Teori etika teleleologi disebut juga sebagai teori konsekuensialis yang artinya bahwa nilai moral suatu tindakan ditentukan semata-mata oleh konsekuensi tindakan tersebut. Dengan kata lain yang menyebabkan suatu tindakan itu benar atau salah adalah bukan tindakan itu sendiri melainkan akibat dari tindakan tersebut. Teori ini terbagi 3 yaitu:

1) Egoisme Etis, suatu tindakan itu benar atau salah semata-mata tergantung pada akibat tindakan tersebut bagi pelakunya.

2) Altruisme Etis, suatu tindakan itu benar atau salah tergantung pada akibat tindakan tersebut bagi orang lain.

3) Utilitarianisme, suatu tindakan itu benar atau salah tergantung pada akibat tindakan tersebut bagi siapa saja yang dipengaruhi tindakan tersebut.B. Teori deontologi

Teori Deontologi berpendapat bahwa suatu tindakan tidak dinilai dari konsekuensinya, namun faktor- faktor selain dari baik buruknya akibat menentukan benar atau salahnya tindakan. Dalam kaitannya dengan teori deontologi dikenal:

1) Deontologi tindakan (act deontology), jika seseorang dihadapkan pada situasi harus mengambil keputusan, seseorang harus segera memahami apa yang harus dilakukan tanpa mendasarkan ada aturan.

2) Deontologi kaidah (rule deontology), suatu tindakan itu benar atau salah karena kesesuaian atau ketidaksesuaiannya dengan suatu prinsip moral yang benar.

3) Deontologi monistik (moniscic deontology), mendukung suatu kaidah umum the golden rule sebagai prinsip moral tertinggi yang menjadi dasar diturunkannya kaidah atau prinsip moral lainnya.

4) Deontologi pluralistic (pluralistic deontology), ada sejumlah prinsip moral yang merupakan prima facie.

C. Etika Keutamaan

Etika keutamaan memfokuskan pada agen atau pelaku. Pendukung etika keutamaan berpandangan bahwa etika seharusnya tidak hanya melihat jenis- jenis tindakan yang seharusnya dilakukan oleh seseorang (agen atau pelaku), tetapi memberikan perhatiaan kepada tiga hal yang mencirikan keutamaan yaitu:

1) Disposisi, keutamaan merupakan sifat baik dari segi moral yang telah mengakar pada diri seseorang.

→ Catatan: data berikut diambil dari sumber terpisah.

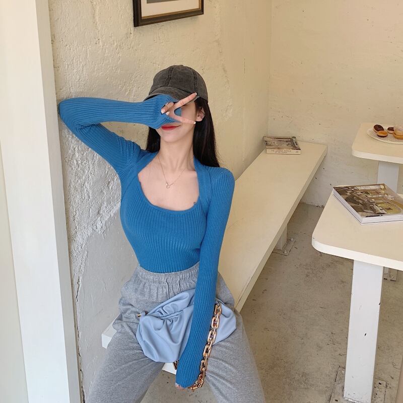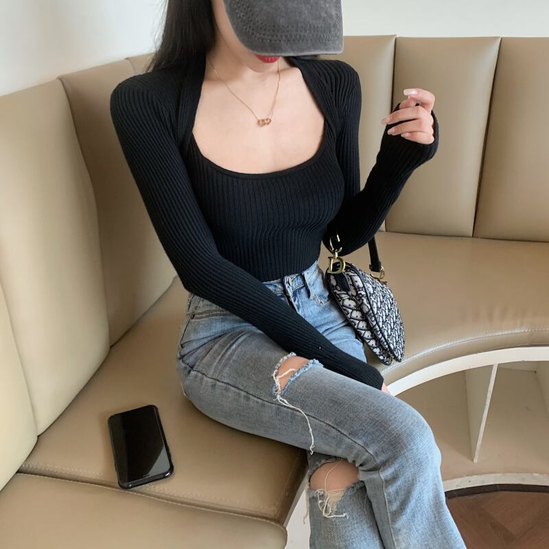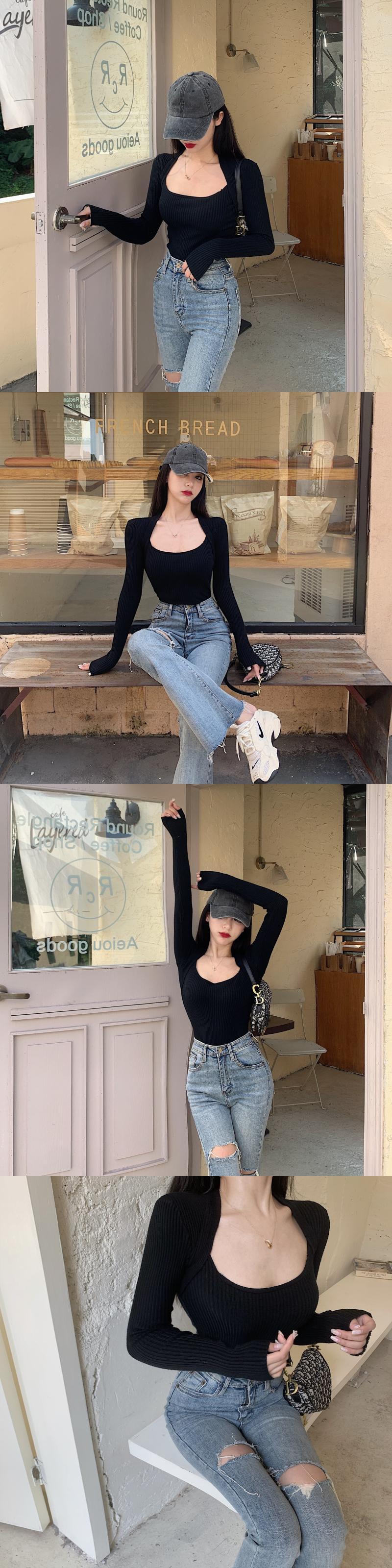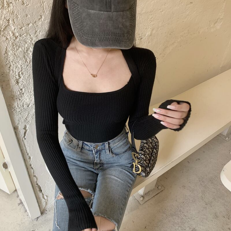 オータムブラックシャツ セーター スリムニットトップス ロング 秋物 ドラファッションホール90747665332

2) Berkaitan dengan kemauan atau kehendak. Perilaku berkeutamaan senantiasa disertai maksud baik.

3) Pembiasaan diri. Keutamaan diperoleh dengan cara pembiasaan atau pelatihan.

Setelah dasar-dasar etika telah dipahami, maka keberlanjutan akan studi etika mulai merambah ke praktik kehidupan. Yang kemudian etika terbagi menjadi tiga bagian utama: meta-etika (studi konsep etika), etika normatif (studi penentuan nilai etika), dan etika terapan (studi penggunaan nilai-nilai etika). Sedangkan menurut macamnya, etika dapat dibagi ke dalam dua macam, yakniEtika DeskriptifdanEtika Normatif. Etika deskriptif adalah etika yang menelaah secara kritis dan rasional tentang sikap dan prilaku manusia serta apa yang dikejar oleh setiap orang dalam hidupnya sebagai sesuatu yang bernilai. Artinya, etika deskriptif berbicara mengenai fakta secara apa adanya. Sedangkan, etika normatif adalah etika yang menetapkan berbagai sikap dan perilaku yang ideal dan seharusnya dimiliki manusia atau apa yang seharusnya dijalankan oleh manusia dan tindakan apa yang bernilai dalam hidupnya.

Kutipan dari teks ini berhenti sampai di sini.